Instructions for the task
Somewhere below, one line contains "هناك ألف دليل" and a later line contains "НАБОР ИЗ 5-И". Output those two lines and everything between them exactly, and nothing else.

Exercise data
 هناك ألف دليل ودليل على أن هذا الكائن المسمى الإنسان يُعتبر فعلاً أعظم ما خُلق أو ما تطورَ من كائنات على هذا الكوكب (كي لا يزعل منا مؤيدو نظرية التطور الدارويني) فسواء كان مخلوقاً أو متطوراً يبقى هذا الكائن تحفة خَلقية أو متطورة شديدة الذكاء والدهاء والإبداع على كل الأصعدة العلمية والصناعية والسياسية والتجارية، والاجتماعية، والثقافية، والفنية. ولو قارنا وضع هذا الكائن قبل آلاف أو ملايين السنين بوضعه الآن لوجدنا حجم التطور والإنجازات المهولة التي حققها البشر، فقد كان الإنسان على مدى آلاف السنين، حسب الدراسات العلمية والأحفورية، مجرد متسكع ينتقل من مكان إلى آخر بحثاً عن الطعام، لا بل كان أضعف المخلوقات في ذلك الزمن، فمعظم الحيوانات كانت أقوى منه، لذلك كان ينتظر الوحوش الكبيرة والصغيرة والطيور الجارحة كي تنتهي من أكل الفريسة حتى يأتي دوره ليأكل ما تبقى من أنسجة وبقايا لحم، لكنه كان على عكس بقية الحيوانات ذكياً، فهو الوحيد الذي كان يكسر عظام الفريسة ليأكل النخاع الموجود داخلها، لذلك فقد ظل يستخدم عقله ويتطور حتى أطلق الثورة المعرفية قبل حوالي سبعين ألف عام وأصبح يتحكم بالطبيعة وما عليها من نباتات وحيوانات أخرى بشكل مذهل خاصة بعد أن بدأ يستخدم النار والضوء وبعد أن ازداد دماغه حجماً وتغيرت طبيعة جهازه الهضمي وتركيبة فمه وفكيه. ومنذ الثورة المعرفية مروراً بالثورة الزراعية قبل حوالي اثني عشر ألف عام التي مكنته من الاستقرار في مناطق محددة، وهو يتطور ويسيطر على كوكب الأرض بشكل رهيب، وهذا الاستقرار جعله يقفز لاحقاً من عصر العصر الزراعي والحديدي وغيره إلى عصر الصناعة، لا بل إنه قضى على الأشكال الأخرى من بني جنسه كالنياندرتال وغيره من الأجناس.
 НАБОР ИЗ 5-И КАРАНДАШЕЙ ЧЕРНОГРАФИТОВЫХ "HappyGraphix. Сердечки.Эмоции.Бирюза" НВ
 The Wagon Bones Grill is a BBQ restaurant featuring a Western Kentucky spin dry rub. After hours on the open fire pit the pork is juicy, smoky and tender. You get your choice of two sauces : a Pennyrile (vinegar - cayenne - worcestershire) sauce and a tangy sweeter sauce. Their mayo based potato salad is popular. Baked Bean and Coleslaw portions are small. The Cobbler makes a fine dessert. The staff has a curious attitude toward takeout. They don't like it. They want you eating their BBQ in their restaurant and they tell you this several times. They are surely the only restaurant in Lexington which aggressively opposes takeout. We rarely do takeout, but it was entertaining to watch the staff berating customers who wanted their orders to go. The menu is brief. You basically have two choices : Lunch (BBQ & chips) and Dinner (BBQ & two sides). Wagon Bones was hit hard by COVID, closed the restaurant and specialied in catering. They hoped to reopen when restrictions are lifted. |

* * *

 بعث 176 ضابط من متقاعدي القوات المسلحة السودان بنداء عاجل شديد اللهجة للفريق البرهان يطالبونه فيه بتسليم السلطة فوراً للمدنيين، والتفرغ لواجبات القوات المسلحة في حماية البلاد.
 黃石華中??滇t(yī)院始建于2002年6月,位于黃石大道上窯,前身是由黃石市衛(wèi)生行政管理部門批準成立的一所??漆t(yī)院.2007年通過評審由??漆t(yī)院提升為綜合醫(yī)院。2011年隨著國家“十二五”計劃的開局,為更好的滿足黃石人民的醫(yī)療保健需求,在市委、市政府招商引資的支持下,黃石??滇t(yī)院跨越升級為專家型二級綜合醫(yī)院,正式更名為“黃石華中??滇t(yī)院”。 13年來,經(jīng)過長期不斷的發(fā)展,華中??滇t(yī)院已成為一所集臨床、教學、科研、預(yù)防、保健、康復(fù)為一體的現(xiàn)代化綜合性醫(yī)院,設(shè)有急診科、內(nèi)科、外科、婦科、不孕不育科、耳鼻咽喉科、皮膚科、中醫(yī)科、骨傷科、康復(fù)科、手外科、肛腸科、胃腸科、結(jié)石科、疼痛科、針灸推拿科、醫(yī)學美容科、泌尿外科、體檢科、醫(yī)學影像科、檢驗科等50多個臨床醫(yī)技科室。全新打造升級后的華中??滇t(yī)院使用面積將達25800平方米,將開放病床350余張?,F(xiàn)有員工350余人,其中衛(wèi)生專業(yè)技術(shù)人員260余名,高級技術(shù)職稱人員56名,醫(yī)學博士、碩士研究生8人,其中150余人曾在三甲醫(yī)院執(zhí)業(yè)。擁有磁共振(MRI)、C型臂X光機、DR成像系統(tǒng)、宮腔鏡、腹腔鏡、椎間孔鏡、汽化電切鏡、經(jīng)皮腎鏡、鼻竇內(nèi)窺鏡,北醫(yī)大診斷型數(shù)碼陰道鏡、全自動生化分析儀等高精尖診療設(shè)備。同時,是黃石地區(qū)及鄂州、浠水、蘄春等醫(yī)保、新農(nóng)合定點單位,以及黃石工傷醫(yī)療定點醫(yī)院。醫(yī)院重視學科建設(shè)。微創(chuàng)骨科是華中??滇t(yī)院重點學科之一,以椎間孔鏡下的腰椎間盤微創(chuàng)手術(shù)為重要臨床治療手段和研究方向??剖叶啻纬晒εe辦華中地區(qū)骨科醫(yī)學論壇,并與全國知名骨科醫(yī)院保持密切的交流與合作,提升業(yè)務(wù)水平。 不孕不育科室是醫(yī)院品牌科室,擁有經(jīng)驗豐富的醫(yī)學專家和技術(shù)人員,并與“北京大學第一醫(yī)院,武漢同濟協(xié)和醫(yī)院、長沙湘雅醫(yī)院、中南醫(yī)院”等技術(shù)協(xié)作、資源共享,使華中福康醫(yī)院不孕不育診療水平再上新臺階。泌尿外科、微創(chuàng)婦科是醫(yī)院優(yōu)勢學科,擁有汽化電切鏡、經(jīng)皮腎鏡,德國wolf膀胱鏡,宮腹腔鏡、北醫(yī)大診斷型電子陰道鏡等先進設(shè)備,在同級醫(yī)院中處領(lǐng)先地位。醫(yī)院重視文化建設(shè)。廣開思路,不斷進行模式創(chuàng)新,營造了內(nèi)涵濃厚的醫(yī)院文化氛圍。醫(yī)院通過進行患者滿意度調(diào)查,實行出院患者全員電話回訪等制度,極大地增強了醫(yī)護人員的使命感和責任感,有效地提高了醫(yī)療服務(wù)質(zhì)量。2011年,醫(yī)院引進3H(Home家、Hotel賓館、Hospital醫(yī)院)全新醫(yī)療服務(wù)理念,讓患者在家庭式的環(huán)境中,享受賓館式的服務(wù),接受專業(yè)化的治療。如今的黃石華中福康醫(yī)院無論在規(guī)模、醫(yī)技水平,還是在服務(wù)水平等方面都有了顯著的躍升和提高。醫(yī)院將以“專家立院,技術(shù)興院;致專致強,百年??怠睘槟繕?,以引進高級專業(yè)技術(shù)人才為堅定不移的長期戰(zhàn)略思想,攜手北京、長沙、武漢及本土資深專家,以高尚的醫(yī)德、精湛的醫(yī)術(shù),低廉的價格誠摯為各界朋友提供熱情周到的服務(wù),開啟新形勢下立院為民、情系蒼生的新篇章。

Written response
 هناك ألف دليل ودليل على أن هذا الكائن المسمى الإنسان يُعتبر فعلاً أعظم ما خُلق أو ما تطورَ من كائنات على هذا الكوكب (كي لا يزعل منا مؤيدو نظرية التطور الدارويني) فسواء كان مخلوقاً أو متطوراً يبقى هذا الكائن تحفة خَلقية أو متطورة شديدة الذكاء والدهاء والإبداع على كل الأصعدة العلمية والصناعية والسياسية والتجارية، والاجتماعية، والثقافية، والفنية. ولو قارنا وضع هذا الكائن قبل آلاف أو ملايين السنين بوضعه الآن لوجدنا حجم التطور والإنجازات المهولة التي حققها البشر، فقد كان الإنسان على مدى آلاف السنين، حسب الدراسات العلمية والأحفورية، مجرد متسكع ينتقل من مكان إلى آخر بحثاً عن الطعام، لا بل كان أضعف المخلوقات في ذلك الزمن، فمعظم الحيوانات كانت أقوى منه، لذلك كان ينتظر الوحوش الكبيرة والصغيرة والطيور الجارحة كي تنتهي من أكل الفريسة حتى يأتي دوره ليأكل ما تبقى من أنسجة وبقايا لحم، لكنه كان على عكس بقية الحيوانات ذكياً، فهو الوحيد الذي كان يكسر عظام الفريسة ليأكل النخاع الموجود داخلها، لذلك فقد ظل يستخدم عقله ويتطور حتى أطلق الثورة المعرفية قبل حوالي سبعين ألف عام وأصبح يتحكم بالطبيعة وما عليها من نباتات وحيوانات أخرى بشكل مذهل خاصة بعد أن بدأ يستخدم النار والضوء وبعد أن ازداد دماغه حجماً وتغيرت طبيعة جهازه الهضمي وتركيبة فمه وفكيه. ومنذ الثورة المعرفية مروراً بالثورة الزراعية قبل حوالي اثني عشر ألف عام التي مكنته من الاستقرار في مناطق محددة، وهو يتطور ويسيطر على كوكب الأرض بشكل رهيب، وهذا الاستقرار جعله يقفز لاحقاً من عصر العصر الزراعي والحديدي وغيره إلى عصر الصناعة، لا بل إنه قضى على الأشكال الأخرى من بني جنسه كالنياندرتال وغيره من الأجناس.
 НАБОР ИЗ 5-И КАРАНДАШЕЙ ЧЕРНОГРАФИТОВЫХ "HappyGraphix. Сердечки.Эмоции.Бирюза" НВ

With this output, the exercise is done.